Collected data:
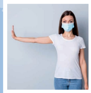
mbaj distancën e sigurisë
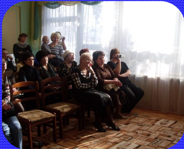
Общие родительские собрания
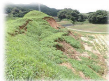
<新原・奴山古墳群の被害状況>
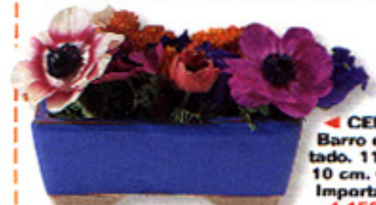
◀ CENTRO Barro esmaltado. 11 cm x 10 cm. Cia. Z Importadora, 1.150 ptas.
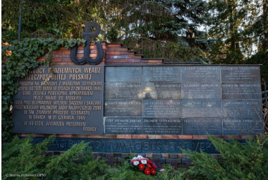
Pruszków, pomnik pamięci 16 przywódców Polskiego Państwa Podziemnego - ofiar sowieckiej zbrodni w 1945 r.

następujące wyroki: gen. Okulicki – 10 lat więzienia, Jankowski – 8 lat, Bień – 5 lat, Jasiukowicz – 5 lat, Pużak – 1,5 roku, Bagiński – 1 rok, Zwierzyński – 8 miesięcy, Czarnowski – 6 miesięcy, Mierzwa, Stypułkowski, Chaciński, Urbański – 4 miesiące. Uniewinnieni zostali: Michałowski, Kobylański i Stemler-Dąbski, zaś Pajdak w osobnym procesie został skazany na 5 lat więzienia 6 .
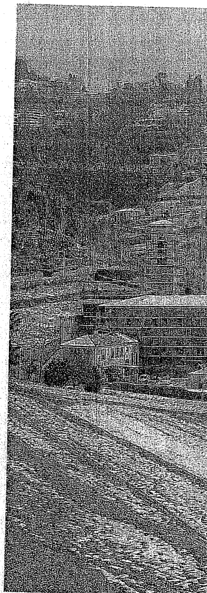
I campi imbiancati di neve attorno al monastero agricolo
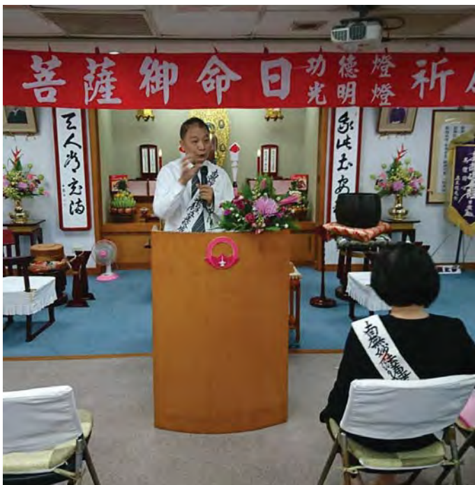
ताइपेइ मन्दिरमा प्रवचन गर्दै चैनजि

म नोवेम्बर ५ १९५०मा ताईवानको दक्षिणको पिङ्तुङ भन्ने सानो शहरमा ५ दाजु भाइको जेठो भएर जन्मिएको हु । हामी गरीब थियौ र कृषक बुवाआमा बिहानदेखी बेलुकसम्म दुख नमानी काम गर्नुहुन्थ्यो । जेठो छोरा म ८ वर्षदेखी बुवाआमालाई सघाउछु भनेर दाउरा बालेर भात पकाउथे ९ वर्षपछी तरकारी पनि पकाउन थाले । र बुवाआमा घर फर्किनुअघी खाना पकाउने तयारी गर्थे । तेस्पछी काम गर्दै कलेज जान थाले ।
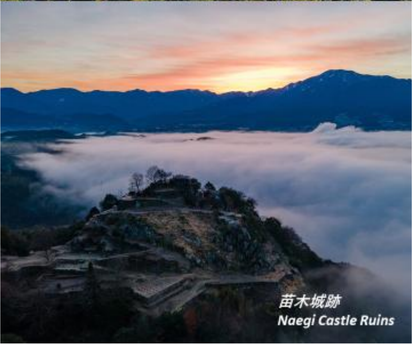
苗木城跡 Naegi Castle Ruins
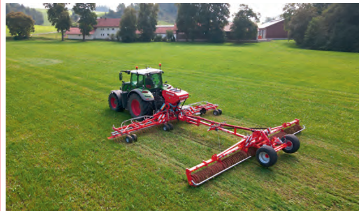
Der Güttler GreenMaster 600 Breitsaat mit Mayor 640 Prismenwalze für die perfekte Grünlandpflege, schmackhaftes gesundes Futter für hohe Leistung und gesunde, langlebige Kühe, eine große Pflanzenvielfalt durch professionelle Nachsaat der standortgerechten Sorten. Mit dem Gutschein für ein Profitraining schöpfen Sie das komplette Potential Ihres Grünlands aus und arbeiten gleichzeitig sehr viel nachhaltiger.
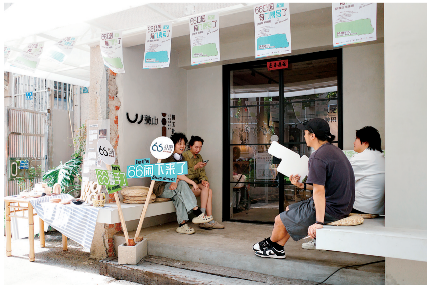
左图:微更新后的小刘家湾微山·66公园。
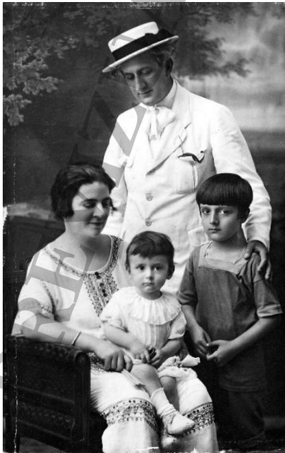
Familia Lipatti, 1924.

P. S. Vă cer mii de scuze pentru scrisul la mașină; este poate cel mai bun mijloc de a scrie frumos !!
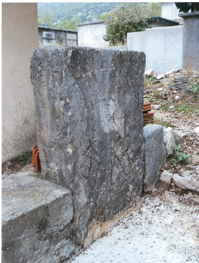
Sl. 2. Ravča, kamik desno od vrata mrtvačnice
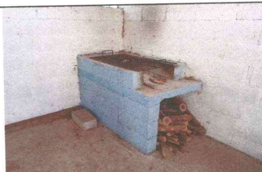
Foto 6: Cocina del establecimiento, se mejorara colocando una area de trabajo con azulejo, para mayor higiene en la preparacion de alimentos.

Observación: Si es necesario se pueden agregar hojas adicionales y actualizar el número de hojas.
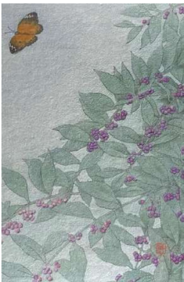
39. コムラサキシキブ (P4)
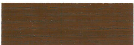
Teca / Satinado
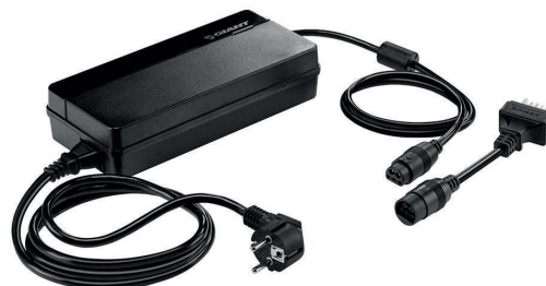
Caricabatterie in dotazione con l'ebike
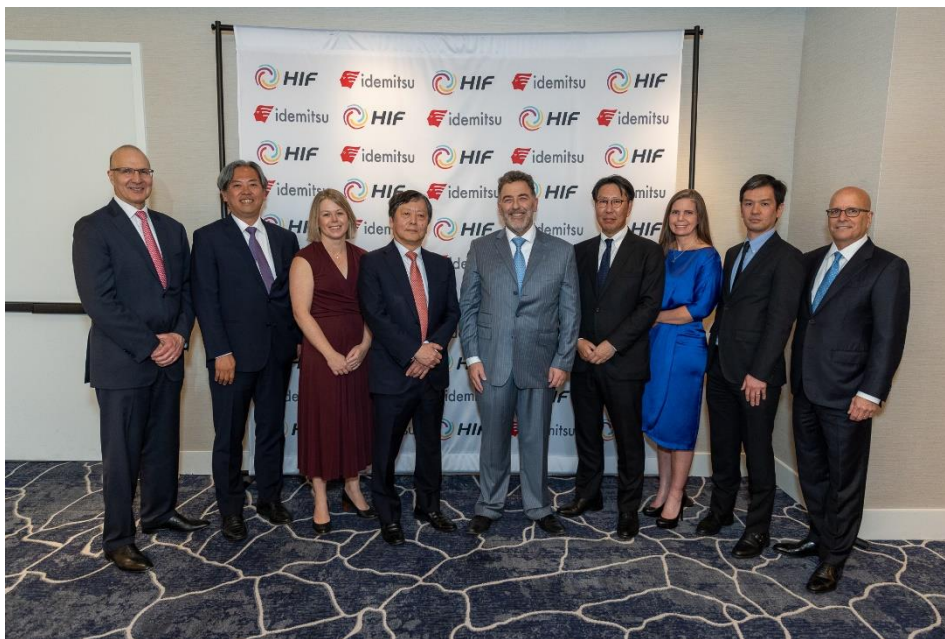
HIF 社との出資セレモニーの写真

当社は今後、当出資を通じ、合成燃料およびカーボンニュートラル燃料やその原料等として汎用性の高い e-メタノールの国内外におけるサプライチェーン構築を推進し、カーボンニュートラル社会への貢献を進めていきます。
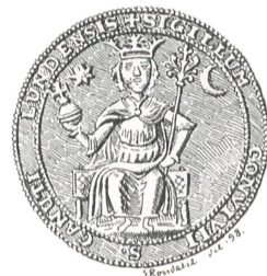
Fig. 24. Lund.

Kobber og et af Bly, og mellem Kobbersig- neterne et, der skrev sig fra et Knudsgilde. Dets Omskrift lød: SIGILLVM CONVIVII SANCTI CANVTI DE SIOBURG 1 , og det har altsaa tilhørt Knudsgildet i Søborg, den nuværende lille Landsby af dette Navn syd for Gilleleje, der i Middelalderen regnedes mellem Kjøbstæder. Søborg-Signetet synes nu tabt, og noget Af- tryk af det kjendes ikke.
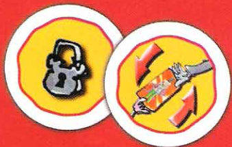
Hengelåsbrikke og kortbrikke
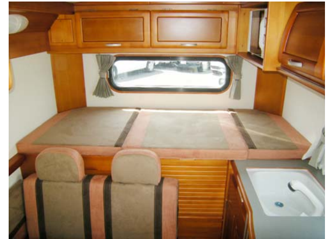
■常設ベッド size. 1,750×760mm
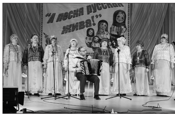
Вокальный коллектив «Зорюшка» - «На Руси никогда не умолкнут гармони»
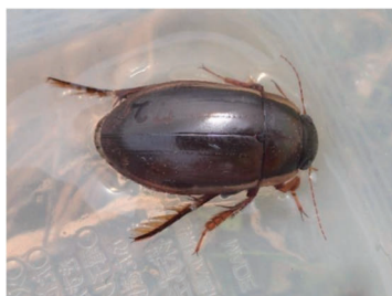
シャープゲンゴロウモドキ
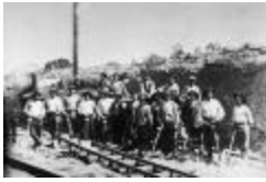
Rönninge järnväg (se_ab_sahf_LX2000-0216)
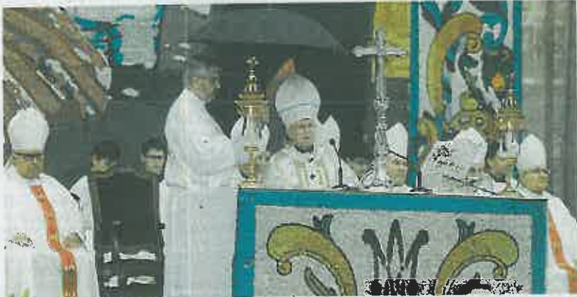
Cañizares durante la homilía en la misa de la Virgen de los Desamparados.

● Required action:
I would like the exact lines from the data above, starting with the one that holds "następujące wyroki: gen." and going on through the one that holds "苗木城跡 Naegi Castle Ruins", without the pictures.

● Written response:
następujące wyroki: gen. Okulicki – 10 lat więzienia, Jankowski – 8 lat, Bień – 5 lat, Jasiukowicz – 5 lat, Pużak – 1,5 roku, Bagiński – 1 rok, Zwierzyński – 8 miesięcy, Czarnowski – 6 miesięcy, Mierzwa, Stypułkowski, Chaciński, Urbański – 4 miesiące. Uniewinnieni zostali: Michałowski, Kobylański i Stemler-Dąbski, zaś Pajdak w osobnym procesie został skazany na 5 lat więzienia 6 .
I campi imbiancati di neve attorno al monastero agricolo
ताइपेइ मन्दिरमा प्रवचन गर्दै चैनजि

म नोवेम्बर ५ १९५०मा ताईवानको दक्षिणको पिङ्तुङ भन्ने सानो शहरमा ५ दाजु भाइको जेठो भएर जन्मिएको हु । हामी गरीब थियौ र कृषक बुवाआमा बिहानदेखी बेलुकसम्म दुख नमानी काम गर्नुहुन्थ्यो । जेठो छोरा म ८ वर्षदेखी बुवाआमालाई सघाउछु भनेर दाउरा बालेर भात पकाउथे ९ वर्षपछी तरकारी पनि पकाउन थाले । र बुवाआमा घर फर्किनुअघी खाना पकाउने तयारी गर्थे । तेस्पछी काम गर्दै कलेज जान थाले ।
苗木城跡 Naegi Castle Ruins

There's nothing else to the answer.